There are some known restrictions for Chaos Operator deployed on kind and minikube clusters:

  • All network-related chaos is not supported for kind cluster.

    Chaos Operator uses docker pkg to transform between container id and pid, which is necessary to find network namespace for pods.Kind uses containerd as Introducing Container Runtime Interface (CRI) runtime and it's not supported in our implementation yet.

  • netem chaos is not supported for minikube clusters.

    In minikube, the default virtual machine driver's image doesn't contain the sch_netem kernel module. You can use none driver (if your host is Linux with the sch_netem kernel module loaded) to try these chaos actions on minikube or build an image with sch_netem by yourself.

Deploy target cluster

After Chaos Mesh is deployed, we can deploy the target cluster to be tested, or where we want to inject faults. For illustration purposes, we use TiDB as our sample cluster.

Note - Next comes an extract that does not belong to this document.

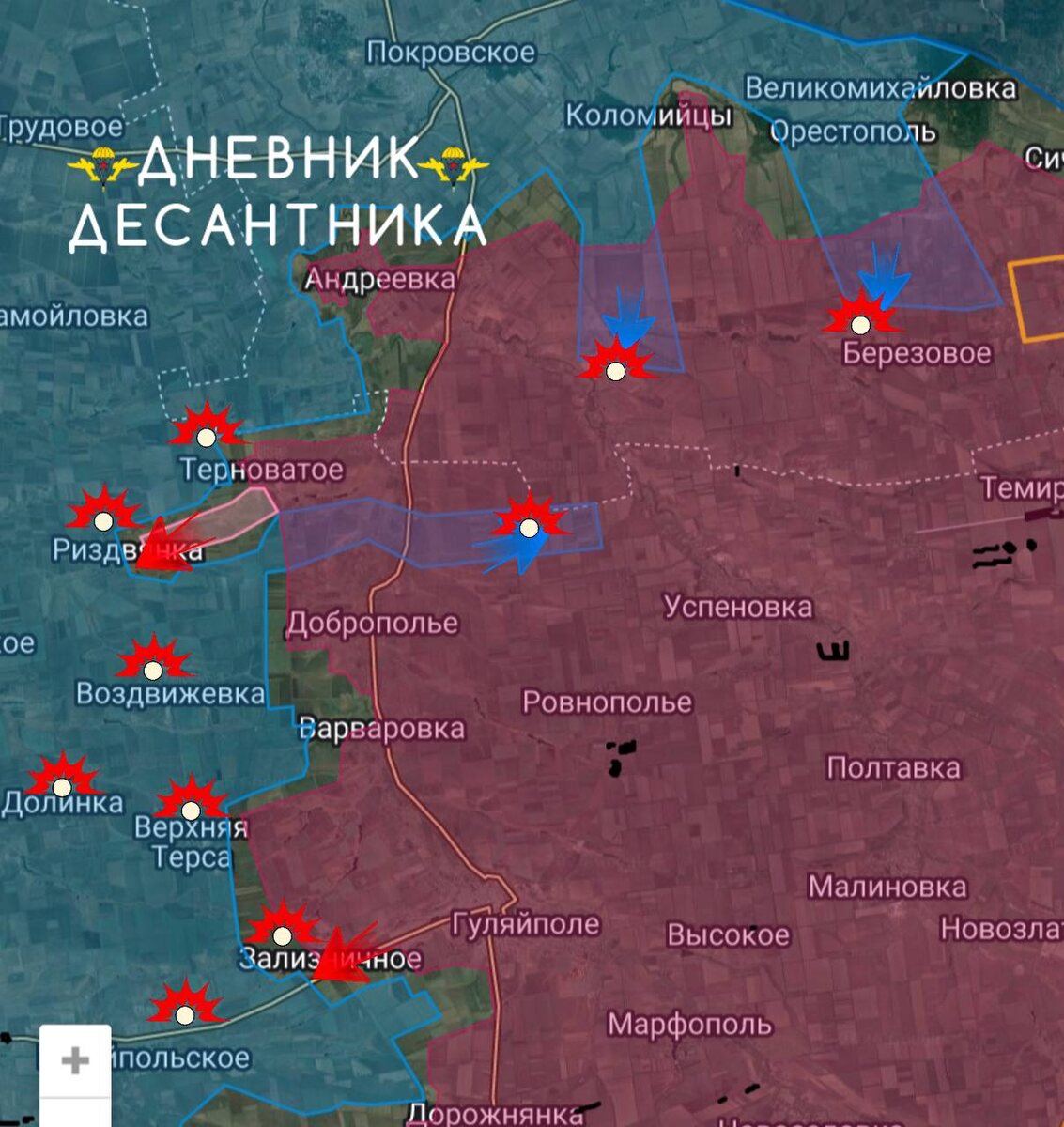 ▫️Участок Гуляйполя. ▫️Западнее Даниловки идут бои за прибрежье реки Янчур, противник контратакует, но закрепиться им не удается, активно работают наши операторы дронов по вражеским группам. ▫️Южнее Новоалександровки также фиксируются заходы малых групп ВСУ, которые рассредоточены по до Вишневого. Но ни налаженной логистики, нечеткого закрепления на позициях противник не достиг, тем самым, заявлять о контроле данной территории за ВСУ невозможно. ▫️Такая же обстановка и от Соснового до Берёзового. ▫️А у Риздвянки наша армия продвинулась вперед, вернув контроль над дорогой Терноватое-Придорожное-Риздвянка. Ранее, противник используя эту логистическую артерию, провел накаты на бронетехнике и спешил пехоту, которая группами прошла до Рыбного. Теперь же, восстановив контроль над этим участком, ВСУ утратили возможность снабжения и ротации своих брошенных на убой побратЫмов. ▫️У Зализничного идут позиционные бои, как и у Белогорья. Наши войска наносят удары по технике противника по дорог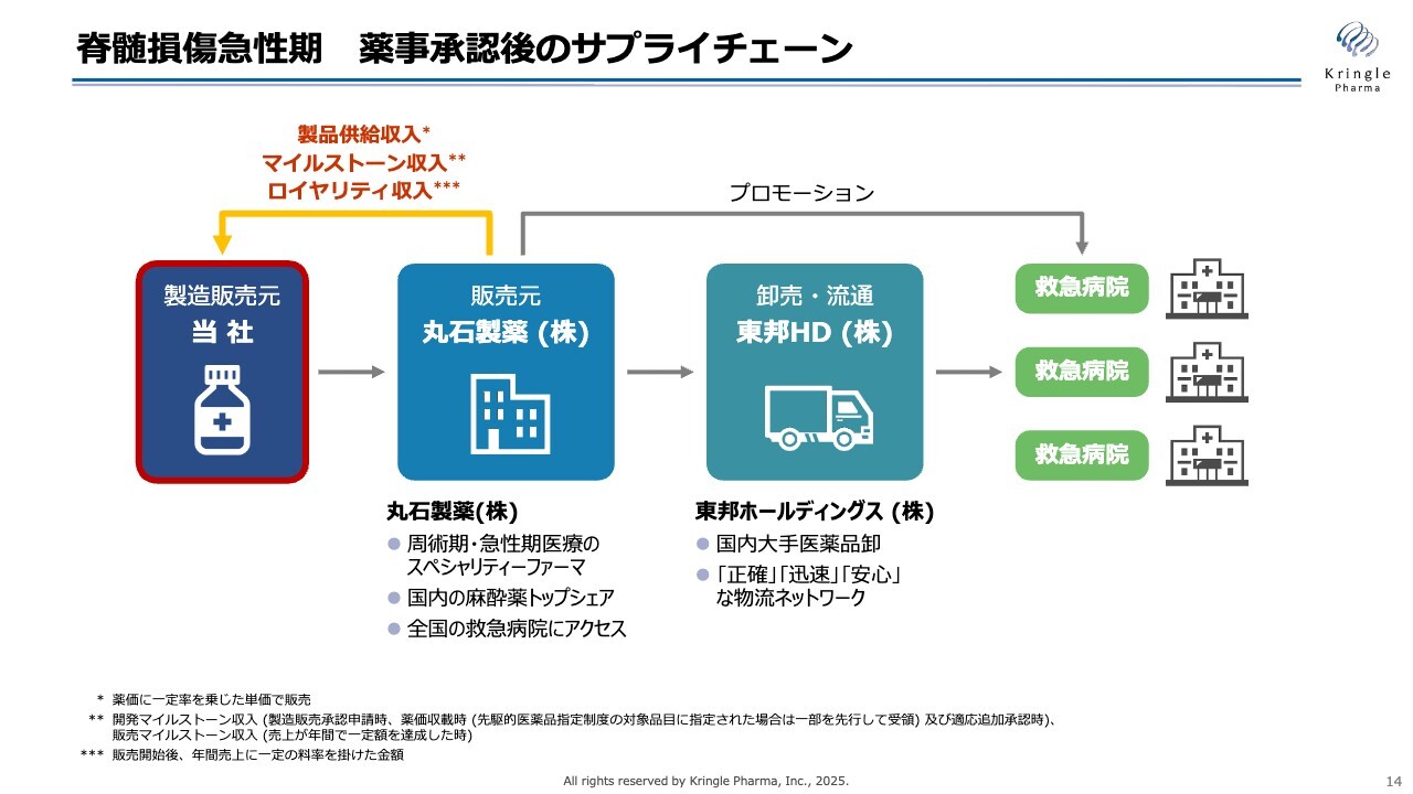 当社は、追加の試験を実施して製造販売承認を取得する方針に変更はありません。また、承認後のサプライチェーンについても、スライドに記載されているとおり、丸石製薬さまが販売元となり、東邦ホールディングスさまが卸売・流通を担うという体制も変更ありません。さらに、丸石製薬さまおよび東邦ホールディングスさまとの契約も維持されます。

You can follow the instructions in the following two documents to deploy a TiDB cluster:

Define chaos experiment config file

In this sample experiment config file, we will define a chaos experiment to kill one tikv pod randomly:

apiVersion: pingcap.com/v1alpha1 kind: PodChaos metadata: name: pod-failure-example namespace: chaos-testing spec: action: pod-failure # the specific chaos action to inject; supported actions: pod-kill/pod-failure mode: one # the mode to run chaos action; supported mode are one/all/fixed/fixed-percent/random-max-percent duration: "60s" # duration for the injected chaos experiment selector: # pods where to inject chaos actions namespaces: - tidb-cluster-demo labelSelectors: "app.kubernetes.io/component": "tikv" scheduler: #defines scheduler rules for the running time of the chaos experiments about pods. cron: "@every 5m"

Create a chaos experiment

kubectl apply -f pod-failure-example.yaml kubectl get podchaos --namespace=chaos-testing

You can see the QPS performance affected by the chaos experiment from TiDB Grafana dashboard:

tikv-pod-failure

Update a chaos experiment

vim pod-failure-example.yaml # modify pod-failure-example.yaml to what you want kubectl apply -f pod-failure-example.yaml

Delete a chaos experiment

kubectl delete -f pod-failure-example.yaml

Warch your chaos experiments in Dashboard

Chaos Dashboard is currently only available for TiDB clusters. Stay tuned for more supports or join us in making it happen.

Note:

Make sure you have used the option to deploy Chaos Mesh with Chaos Dashboard. If Chaos Dashboard wasn't installed in your Chaos Mesh, you need to install it by upgrading Chaos Mesh:

helm upgrade chaos-mesh helm/chaos-mesh --namespace=chaos-testing --set dashboard.create=true

A typical way to access it is to use kubectl port-forward

kubectl port-forward -n chaos-testing svc/chaos-dashboard 8080:80

Then you can access http://localhost:8080 in browser.

Roadmap

License

Chaos Mesh is licensed under the Apache License, Version 2.0. See LICENSE for the full license text.